There are no excuses for being rude or mean. But it makes it SO much easier to stay silent and to forgive such actions when you try to focus on the lack of understanding that person has on whatever the situation may be.
If you know the offender personally, then go to them. The Bible instructs us to go to a brother or sister in Christ and work things out together (Matthew 18:15-17). But so often in the world of social media we DON’T know the offender personally. Or we live so far from each other that it’d be impossible to meet face to face. Sometimes there are things worth messaging someone privately about, but usually I just try hard to forgive them without being given an apology and to practice my self-control and my ability to remain silent.
Someday such offenders will look back and see that they were hurtful.

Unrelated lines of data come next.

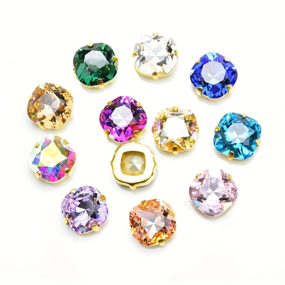 16pcs 12mm Square Glass Charms for Clothing Jewelry Making
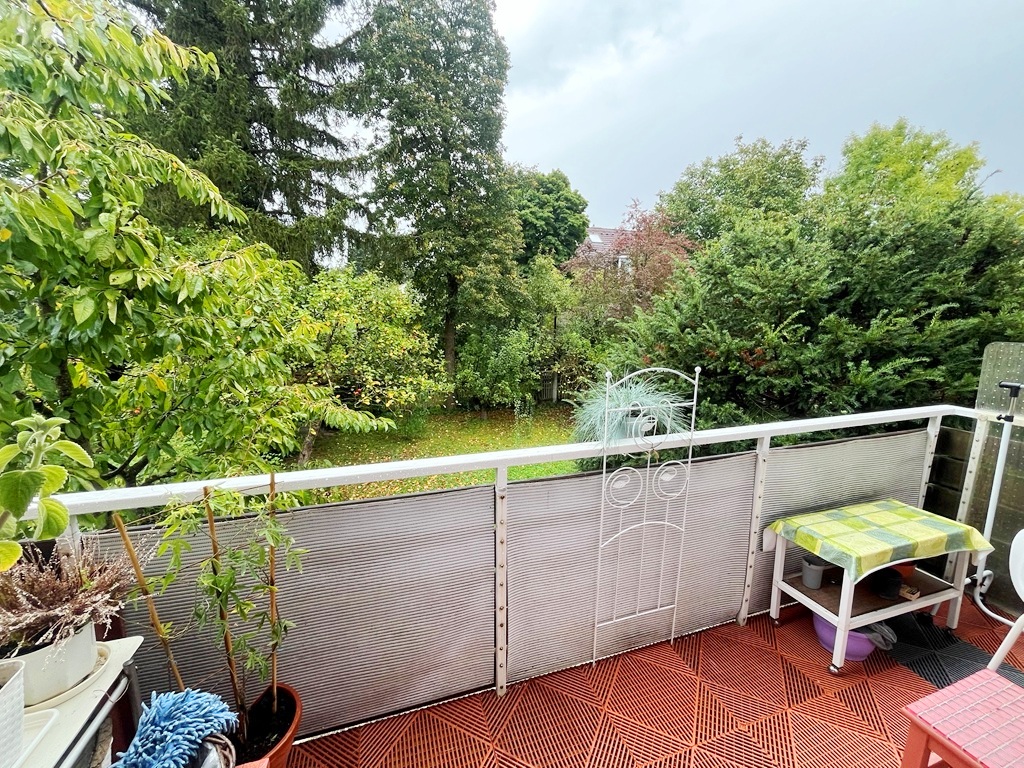 Die Wohnung im Obergeschoss ist vom Grundriss identisch zur Erdgeschosswohnung. Anstatt einer Terrasse ist hier ein ca. 5 m² großer Süd-/Ost-Balkon vorhanden. Das Badezimmer ist teilsaniert und mit einer Badewanne, WC und Waschbecken konfiguriert.
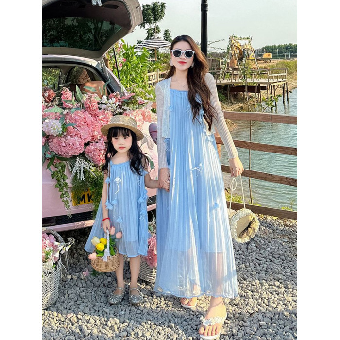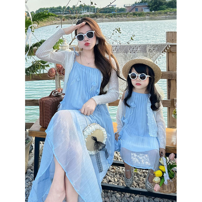 海邊度假親子裝母女裝夏季海南三亞沙灘適合旅遊拍照的藍色連衣裙
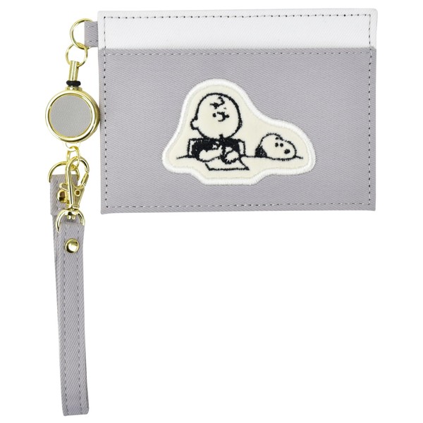 Marimocraft snoopy0481 Snoopy Pass Case, Commuter Pass Case, Reel Included, Applique Card Case, Simple, Compact, gray (SPIK-354)
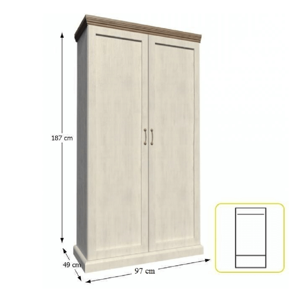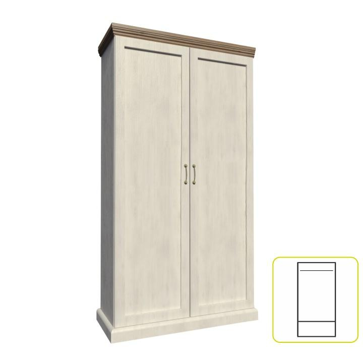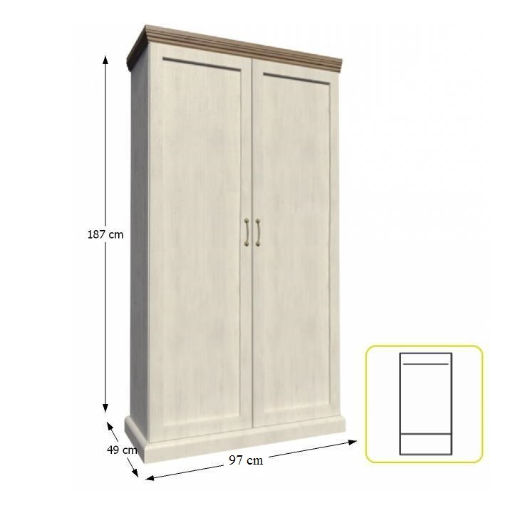 Věšáková skříň S2D s jednou policí z elegantního sektorového systému Royal v provensálském stylu. Vhodná na zařízení obývacích pokojů či ložnic. Materiál: korpus DTD laminovaná + ozdobné lišty, kovové úchytky Barevné provedení: sosna skandinávská / dub divoký Rozměry ŠxHxV: 97x49x187 cm Tloušťka materiálu korpus: 15 mm Tloušťka materiálu vrchní desky: 22 mm Dodávané v demontu.
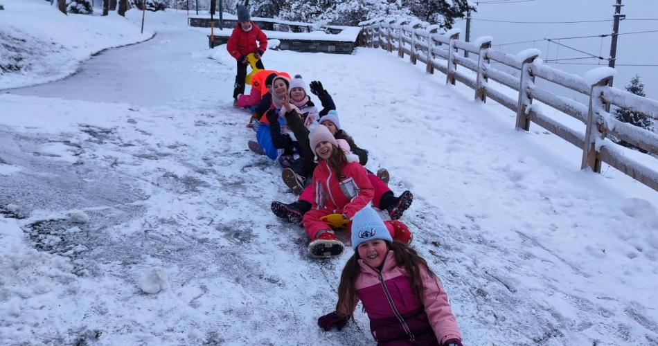Während die einen mit ihren Rutschplatteln lachend den Hügel hinuntersausten, waren andere eifrig...
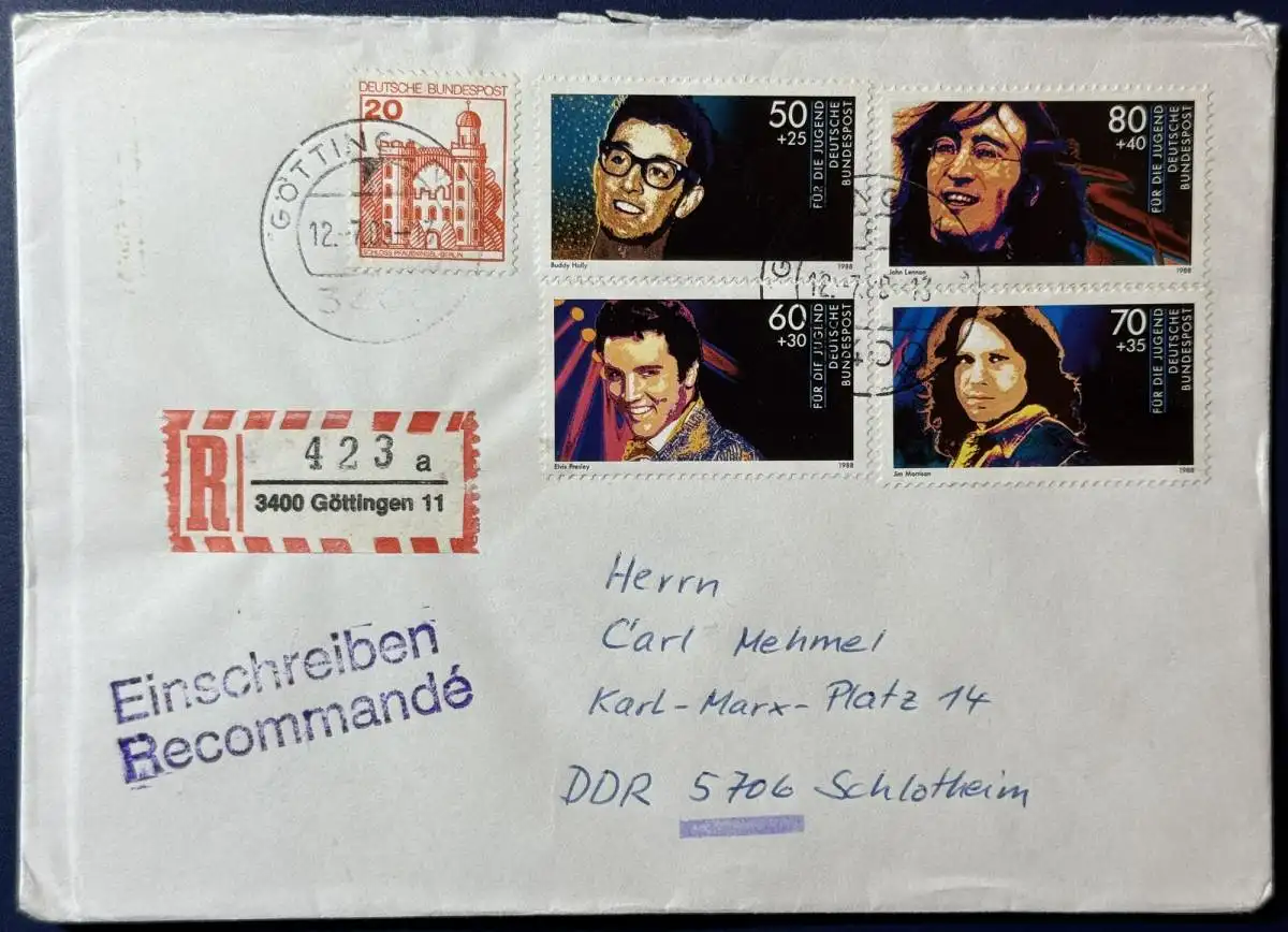 Bund, Einschreiben, 1988, frankiert mit Mi.Nr. 1360-1363 und 995, gelaufen mit Poststempel vom 12.07.88 von Göttingen nach Schlotheim (DDR).
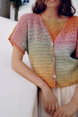 | 02 – TOP und JACKE Das leichte, kraus rechts gestrickte Kasten-Top beindruckt mit einem weichen Verlauf aus pudrigen Tönen und kräftigem Orange. Dazu gibt es ein passendes Häkel-Jäckchen, das mit Pikot-Rändern akzentuiert wurde. MARE
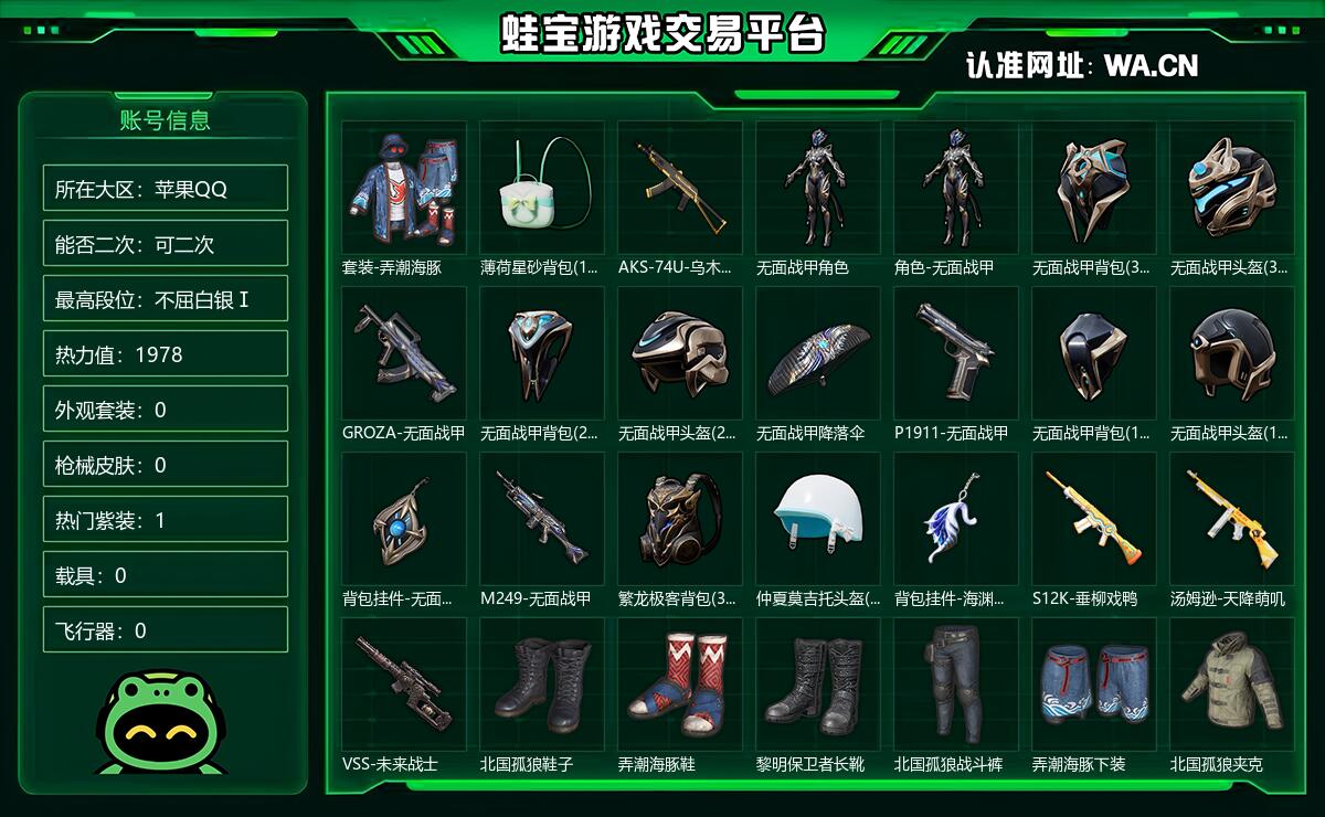 苹果QQ 可二次 当前段位不屈白银Ⅰ 历史最高段位不屈白银Ⅰ 热力值1978 等级19 套装3 王牌次数0 点券0 外观套装0 枪械皮肤0 热门紫装1 载具0 飞行器0 稀有0 头盔0 背包0
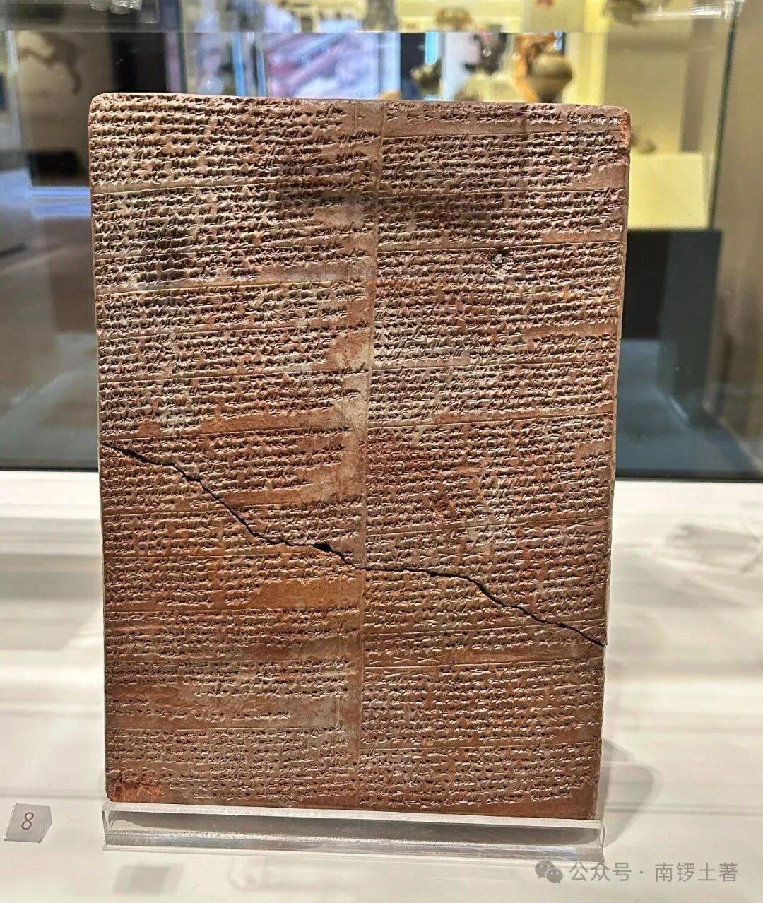 赫梯帝国的象形文字石碑和泥板,出土于土耳其博阿兹柯伊(赫梯首都哈图沙遗址),公元前14~前12世纪(赫梯帝国时期),刻写的是赫梯象形文字(卢维语文字),内容是赫梯王国的行政文书、外交条约或宗教典籍,其中最著名的是“赫梯法典”片段:泥板上的文字记录了对盗窃、伤害、婚姻纠纷的处罚规定(如“盗窃他人奴隶者,需赔偿同等数量的奴隶”),比《汉谟拉比法典》更为宽松,反映了赫梯社会的法律理性。这是研究赫梯文明文字、政治制度与宗教信仰的关键实物资料,也是安纳托利亚地区青铜时代晚期(赫梯帝国)文字与书写文化的代表文物。

And sometimes being an example to others is simply ignoring them. Engaging with someone in their moment of spiritual weakness will only potentially lead to your own stumbling. So let it ride. Walk away. Put down the phone and take a breather.
And remember that you are more than your social media profile. You are more than articles you share or opinions you have. Not everyone gets to see every side of you, or your family and that’s okay. Keep having faith and walking in light and your goodness won’t go unnoticed. Just as you may have some “haters” you are probably also encouraging more people than you know! Don’t let a couple rude people stop you from being an example for Christ to others!
My favorite thing about social media is that it’s a great tool for encouragement to others. I’m an “over-liker.” I “like” just about everything I see because I know it brings the person posting joy to see that. I try to comment on cute pictures of kids, or when a mama is lookin’ good, or when someone is down and needs some kind words. YES. Social media is filled with haters, but where there is darkness is where light can easily shine even brighter. Don’t let the haters bring you down, continue to encourage each other and lift each other up!